I’ve come to think that President Obama’s idea on judging a college by the average earnings of its majors is not just ill-considered, but a downright horrible idea.  Since I was pretty happy with the other metrics, I don’t think I stopped to consider just how dumb an idea that is.

Anyway, the NYT takes a look at recent data to see how colleges fare based on the average earnings of their majors.  It’s quite interesting and well worth reading, but it basically all boils down to this– the higher the proportion of your students that are engineers and men, the higher your graduates average earnings will be.  This really says nothing at all about the value of the education, but simply which majors are most popular at a university (and the proportionate size of its engineering college if it has one).  Now that does not explain all the variance, but gets you most of the way there.   A high quality liberal arts college like Oberlin fares horribly.  Surely in significant part because there’s no engineering and lots of students into art/performing arts.  But if you go to Oberlin and major in Economics or Math, you’ll likely do just fine.

A nice Planet Money story pointed out last week that far more important (in terms of earnings) than your choice of college is your choice of major.  The simple truth is that your typical petroleum engineering graduate from Texas Tech is going to be making far more than your typical philosophy or psychology major from an Ivy League school.

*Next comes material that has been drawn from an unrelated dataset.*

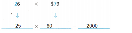 To estimate 26 × 79, replace 26 and 79 with the compatible numbers 25 and 80.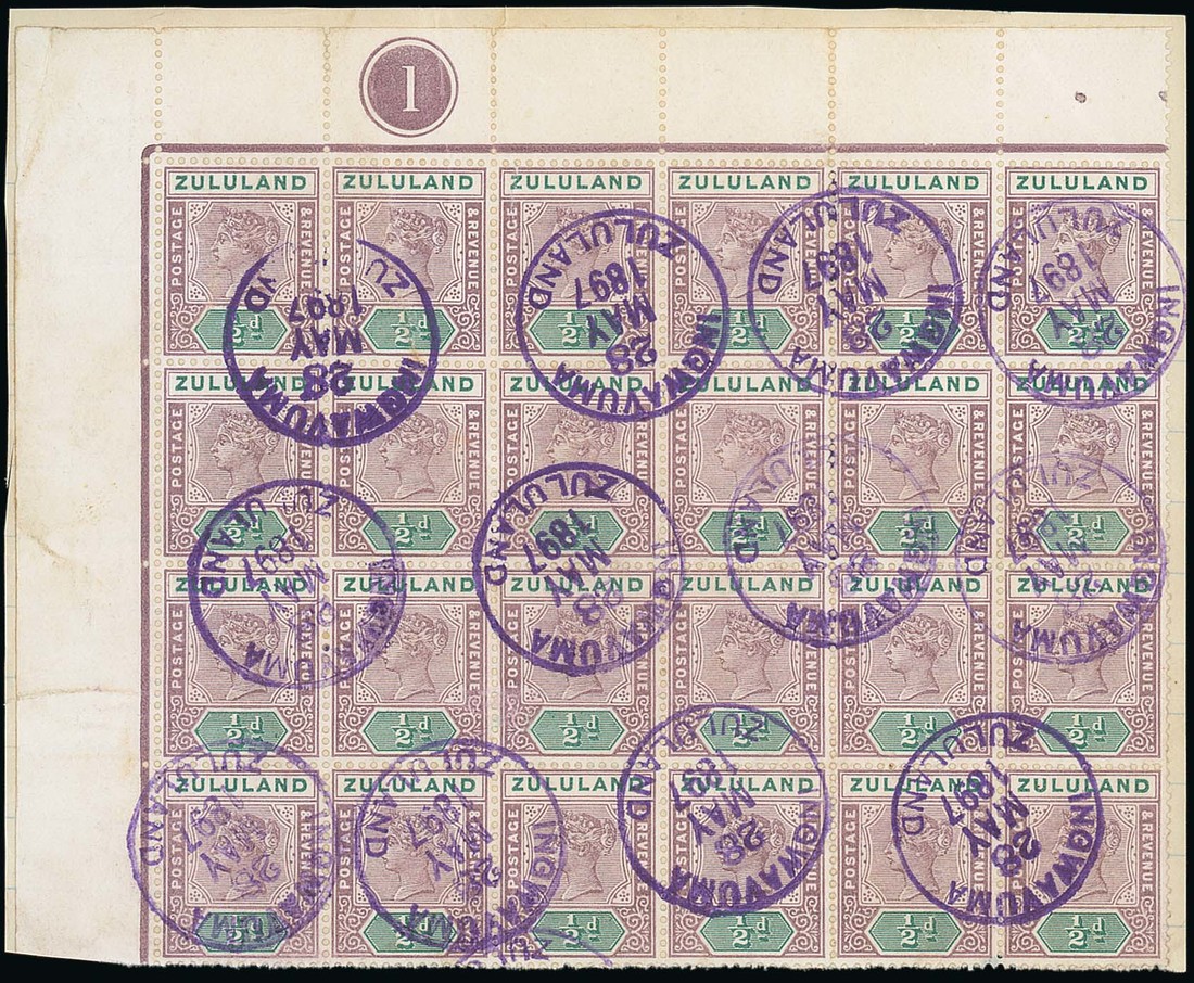 1894 ½d. dull mauve and green upper left corner plate block of twenty-four (6x4), Row 2/1 showing broken "n" in "zululand", affixed to piece and cancelled by twelve fine strikes of the "ingwavuma/zululand" rubber datestamp in violet for 28 May 1897; a couple of creases though a rare and impressive piece. Photo

The gender angle is big, too.  If you are at all like me, you know lots of women with excellent degrees who are personally making little or no money because they chose to stay home with their kids (Alex’s godmother, for example, has a mechanical engineering degree, but currently earns $0).  Or consider Planet Money’s Lisa Chow who has an Applied Math degree, but is an NPR reporter for way less money (surely a more common state of affairs among women).

Of course, what all this overlooks is that there’s far more to college that just how much you are going to earn when you’re done.  And, in fact, there’s far more to life than how much you earn.